Make Safety Nets the Norm

  Reliability and security improvements often require you to remove long-relied-upon resources that don’t measure up to the new safety standards you’re introducing. For example, imagine you want to change how people in your organization use Unix root privileges (or similar highly privileged access), perhaps by implementing new proxy systems (see Chapter 3). Fear of substantial changes like these is natural. After all, what if a team suddenly loses access to a resource that’s mission-critical? What if the change results in downtime?

 You can reduce fear of change by providing safety nets like breakglass procedures (discussed in Chapter 5) that allow users to bypass a new stringent control. These emergency procedures should be used sparingly, however, and subjected to a high level of audit; they should be viewed as a last resort, not a convenient alternative. When implemented properly, breakglass procedures can provide nervous teams with the assurance that they can adopt a change or react to an incident without completely losing control or productivity. For example, suppose you have a staged rollout procedure that requires a long canary process, which you’ve implemented as a safety mechanism to prevent reliability issues. You can provide a breakglass bypass mechanism to make the push happen immediately if absolutely necessary. We discuss these types of situations in Chapter 14.

Increase Productivity and Usability

   A fear of increased friction can make organizational changes with regard to security and reliability difficult. If people view new controls that slow down development and innovation as counterproductive, they may assume that their adoption will have a negative impact on the organization. For this reason, it’s often important to think carefully about the adoption strategy for new initiatives: consider the amount of time necessary to incorporate the change, whether the change might slow down productivity, and whether the benefit outweighs the cost of making the change. We’ve found that the following techniques help decrease friction:

Build transparent functionality
In Chapters Chapter 6 and Chapter 12, we discuss relieving developers of the responsibility for security and reliability by using secure-by-construction APIs, frameworks, and libraries. Making the secure choice the default choice helps developers do the right thing without placing a heavy burden on them. This approach reduces friction over time because developers not only see the benefits of having secure and reliable systems, but also recognize your intent to keep these initiatives simple and easy. We’ve found this can build trust between teams over time.
Focus on usability

 A focus on usability positively affects a culture of security and reliability.12 If a new control is easier to use than what it’s replacing, it can create positive incentives for change.

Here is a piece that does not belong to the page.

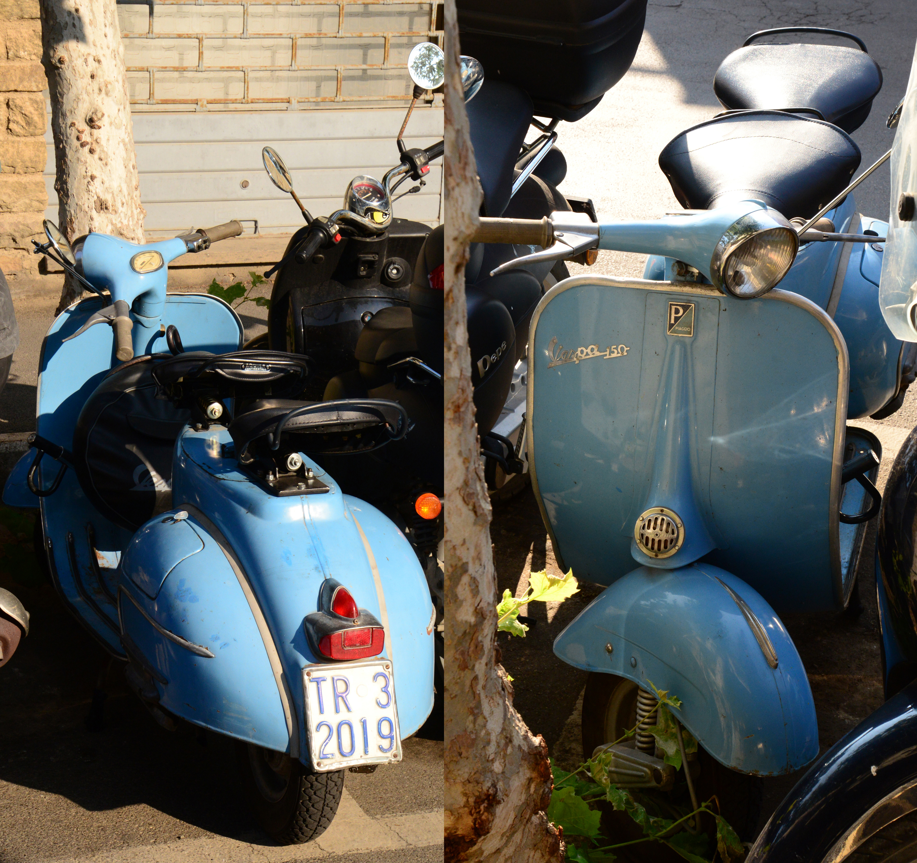 Diese Schönheit habe ich vor ein paar Jahren in Italien fotografiert. Achtlos am Straßenrand abgestellt, eingezwängt zwischen modernen Plastrollern.

In Chapter 7, we talk about how we focused on usability when rolling out security keys for two-factor authentication. Users found that touching a security key to authenticate was much easier than typing in one-time passwords generated by hardware tokens.

As an added bonus, the enhanced security of these keys allowed us to require less frequent password changes.13 We performed a risk analysis on this topic, considering tradeoffs in usability, security, and auditability. We found that security keys negate the efficacy of password theft by a remote attacker. When combined with monitoring to detect suspected compromise of passwords,14 and enforcement of password changes in such an event, we were able to balance security and usability.

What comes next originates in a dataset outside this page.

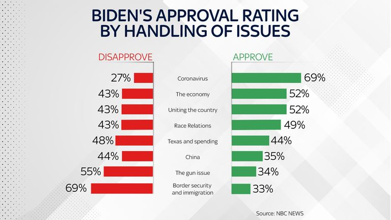 據(jù)美國有線電視新聞的民調(diào)統(tǒng)計,在拜登就任總統(tǒng)滿100天之際,約52%的美國人認可拜登的整體工作表現(xiàn),這一成績僅好于其前任特朗普,但卻低于自1953年的全部其他美國總統(tǒng)。除了在疫情應對方面民眾滿意度較高,為69%外,其他領域均在50%上下。在“邊境安全和移民”方面民眾滿意度最低,僅為33%。

There are other opportunities where security and reliability features can deprecate old or unwanted processes and increase usability. Taking advantage of these opportunities can build user confidence and trust in security and reliability solutions.

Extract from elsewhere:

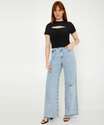 Modelo: Calça Jeans Destroyed Wide Leg Pantalona Feminina Marisa

Self-registration and self-resolution

  Self-registration and self-resolution portals empower developers and end users to address security and reliability issues directly, without gating on a central team that may be overloaded or slow. For example, Google uses deny and allow lists to control which applications can run on the systems that employees use. This technology is effective in preventing execution of malicious software (such as viruses).

The downside is that if an employee wants to run software not already on the allow list, they need to seek approval.  To reduce friction for exception requests, we developed a self-help portal called Upvote that enables users to get approval for acceptable software quickly. In some cases, we can automatically determine a piece of software to be safe and approve it. If we can’t automatically approve the software, we give the user an option to have it approved by a set number of peers.

We’ve found social voting to be a satisfactory control. It’s not perfect—sometimes employees approve software that’s not necessarily business-related, such as video games—but this approach has had a high rate of effectiveness in preventing malware from being executed on our systems. And since it does not gate on a central team, friction for the control is kept very low.   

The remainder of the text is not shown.